Before last spring, I would have been wrong. My mistake would have been based on a legal evidence rule that I remember little to nothing about from my law school years. This rule is referred to as the “no impeachment rule.”
As lawyers know, our legal system gives great respect and deference to the role of a jury in a trial, leading to the adoption of the “no-impeachment rule.”1 As Justice Kennedy recently put it, “A general rule has evolved to give substantial protection to verdict finality and to assure jurors that, once their verdict has been entered, it will not later be called into question based on the comments or conclusions they expressed during deliberations.” Peña-Rodriguez v. Colorado, 137 S. Ct. 855, 861 (2017). In essence, this rule means that one cannot later impeach the jury’s verdict/finding based on information from deliberations that would seem to call into question the verdict’s validity or fairness. The rule is reflected in Federal Rule of Evidence 606(b) and all states follow some version of the no-impeachment rule, while permitting some exceptions to the rule. 137 S. Ct. 865.

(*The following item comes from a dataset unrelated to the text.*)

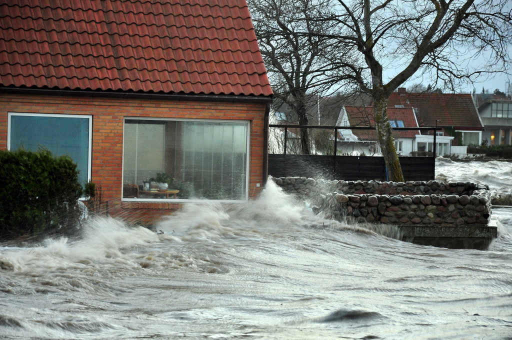 Oversvømmelser kan være alvorlige, det så vi f.eks. i december 2013, hvor stormen ’Bodil’ forårsagede omfattende oversvømmelser i beboede områder omkring Roskilde Fjord. Foto- Martin Stendel, DMI

But what if it is essentially conceded in a given case that the jury’s verdict was influenced by blatant racial discrimination – by the illegal consideration of race and racial stereotypes? What if there was proof that racial bias motivated members of the jury pool? Could a judge consider the verdict tainted and grant a new trial? Until recently, there was something of a circuit split on this issue. In many jurisdictions, based on precedent such as Tanner v. United States, 483 U.S. 107 and Warger v. Shauers, 574 U.S. ––––, 135 S.Ct. 521, the answer this question would have been “no.”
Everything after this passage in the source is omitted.